Mozambican film director (born 1953)

Camilo de Sousa (born 29 May 1953) is a film-maker from Mozambique, and has participated in hundreds of cinematographic productions, variously as producer, director, or first assistant. He is particularly noted for co-directing the feature film O Tempo dos Leopardos.

==Biography==

Camilo de Sousa was born and educated in the capital of Mozambique, Lourenço Marques (now known as Maputo). From 1968 he developed an interest in photography, and soon became a photojournalist for the local newspaper O Jornal. But in 1972 he fled to Belgium as a refugee through the UNHCR.

In 1973 he returned to Africa, travelling to Tanzania and joining the Mozambique Liberation Front to fight for Mozambique's independence. After Mozambique was declared independent in 1975, de Sousa worked on several social and communication projects in the Province of Cabo Delgado, creating the first Mozambican network of information correspondents and moving a mobile cinema around all districts and localities of this province.

Mozambique's Instituto Nacional de Cinema (National Film Institute) had been founded in 1976, and de Sousa joined it in 1980, working there until 1991 as a director, editor, production director, producer and finally General Director of Production. He appears in this capacity in Margarida Cardoso's 2003 history of the institute, Kuxa Kanema: The Birth of Cinema, alongside his long-time friends and collaborators Isabel Noronha and Licínio Azevedo.

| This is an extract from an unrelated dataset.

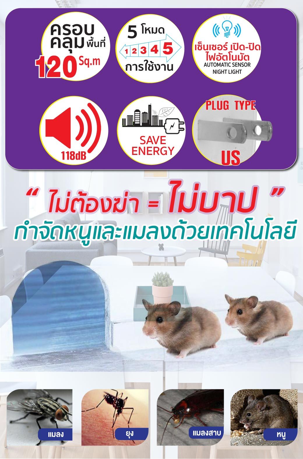 เครื่องไล่หนู และแมลงสาบ ขับไล่ ไล่หนู ไล่แมลงสาบ สัตว์ที่มีฟันแทะที่อยู่ในจำพวกหนู สัตว์ตัวเล็กๆ เช่น แมงมุม มด แมลงสาบ

In 1992, with other professionals of cinema and communication, he created Mozambique's first independent cooperative for communication and production of images, the Coopimagem. In 2001, he joined Ebano Multimédia, where he has been developing the activity of producer and director. In 2003, de Sousa was a founding member and vice-president of the Mozambican filmmakers association.

==Filmography==
Films which de Sousa directed include:
- 1980 – Ofensiva (documentary)
- 1981 – Ibo, o sangue do silêncio ('Ibo, the blood of silence'; eleven-minute documentary). In the north of the country, the Island of Ibo was used as the jail where the Portuguese political police tortured Mozambique nationalists without remorse. This documentary reflects that jail, the consequences of colonization and the Resistance.
- 1983 – Um dia às 7.30 horas (documentary)
- 1985 – O Tempo dos Leopardos (feature-film)
- 1987 – Não Mataram o Sonho de Patrício (with Ismael Vuvo. Curta-metragem. Documentary)
- 2003 – Ondas comunitárias. (documentary, 52 min.)
- 2006 – Junod (documentary)
- 2009 – Fronteiras de amor e ódio (documentary, 33 min.)
- 2014 – Na dobra da capulana (with Isabel Noronha. Documentary.)
- 2019 – Sonhámos Um País (with Isabel Noronha. Documentary.)

Films which de Sousa produced or on which he was a major collaborator include:
- 1987 – O vento sopra do norte (director: José Cardoso).
- 2005 – Sonhos Guardados (director: Isabel Noronha. Docu-drama, Mozambique Melhor)
- 2005 – The Demining Camp (director: Licínio Azevedo. Documentary)I
- 2006 – O Grande Bazar (director: Licinio Azevedo. Fiction, Mozambique)
- 2007 – Caminhos do Ser (director: Isabel Noronha. Documentary, 12 min.)
- 2007 – Delfina-mulher-menina (director: Isabel Noronha. Documentary, 23 min.)
- 2007 – Hóspedes da Noite (director: Licinio Azevedo. Docu-drama, Mozambique)
- 2007 – Ngwenya, o crocodilo (director: Isabel Noronha. Docu-drama, Mozambique)
- 2008 – Trilogia das Novas Famílias (director: Isabel Noronha. Docu-drama Mozambique)
- 2008 – Mãe dos Netos (realizadoras: Isabel Noronha e Vivian Altman. Animation, Mozambique)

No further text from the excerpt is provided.